REPUBLIKA.CO.ID, JAKARTA -- Pengamat Militer dari Imparsial, Al-Araf mengkritik langkah Panglima TNI Jenderal Gatot Nurmantyo terkait sejumlah nota kesepahaan (MoU) yang dinilai tidak sesuai dengan Tupoksi TNI. Salah satunya, MoU dengan Kementerian Pertanian soal pencetakan sawah.
"Jangan panglima mikirin cetak sawah, tapi (dampak konflik) Laut Cina Selatan," kata Al-Araf dalam diskusi "Membangun Pertahanan Modern, Profesionalisme Militer dan Rotasi Panglima TNI" di Jakarta, Sabtu (18/11).
Persiapan menghadapi dampak konflik dari Laut Cina Selatan, kata dia, juga sudah dilakukan negara-negara lain. Jangan sampai, kata dia, saat terdampak, Indonesia malah gagap.
Al-Araf memandang Panglima TNI yang saat ini memiliki misi politik tidak terlalu berfokus pada memodernkan pertahanan. Ia juga menyinggung hanya 50 persen alat utama sistem pertahanan (alutsista) yang layak pakai. Panglima TNI, menurutnya, lebih dominan menghadiri agenda politik, ketimbang fokus terhadap Tupoksinya.

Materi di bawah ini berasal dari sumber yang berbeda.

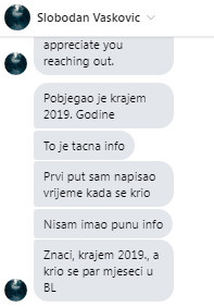 Odgovor bosanskega raziskovalnega novinarja Slobodana Vaskovića, da je črnogorski kriminalec Ivan Mijatović pobegnil iz Slovenije v letu 2019. Generalna direktorica policije je bila sedanja ministrica za notranje zadeve mag. Tatjana Bobnar. (Foto: Luka Perš)
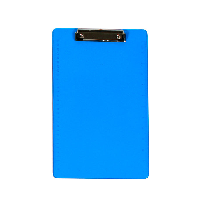 Tabla de plástico con clip metálico tipo broche para documentos y regla en las orillas. No incluye pluma. Es un accesorio esencial para mantener tus documentos organizados y protegidos.
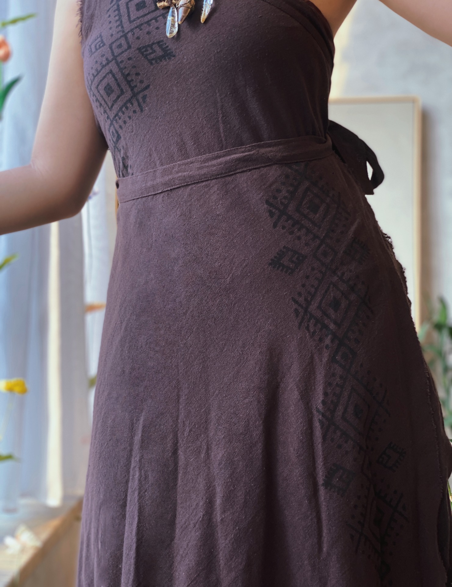 印度手工印染圖騰 多穿一片式裹裙 (啡)
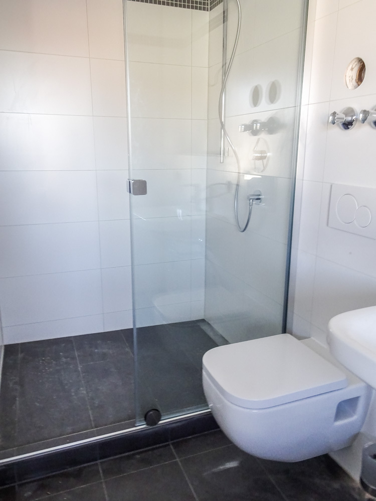 Das Badezimmer ist mit einer bodentiefen Dusche, einem WC und einem Waschbecken ausgestattet. Ein Waschmaschinenanschluss ist ebenfalls vorhanden.
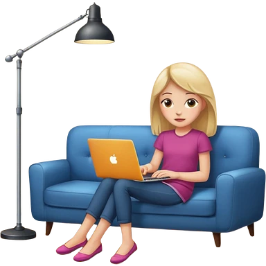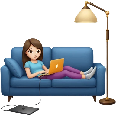A girl is working with a laptop while lying on a sofa, with a floor lamp to the right. emoji

Direktur Imparsial itu sekaligus meminta Panglima TNI yang baru nantinya agar fokus saja memodernkan pertahanan negara ketimbang menghadiri munas-munas partai. "Fokus turun ke batalyon, perbatasan. Mengapa demikian? Fakta sisi pertahanan kita sangat memprihatinkan," ujarnya.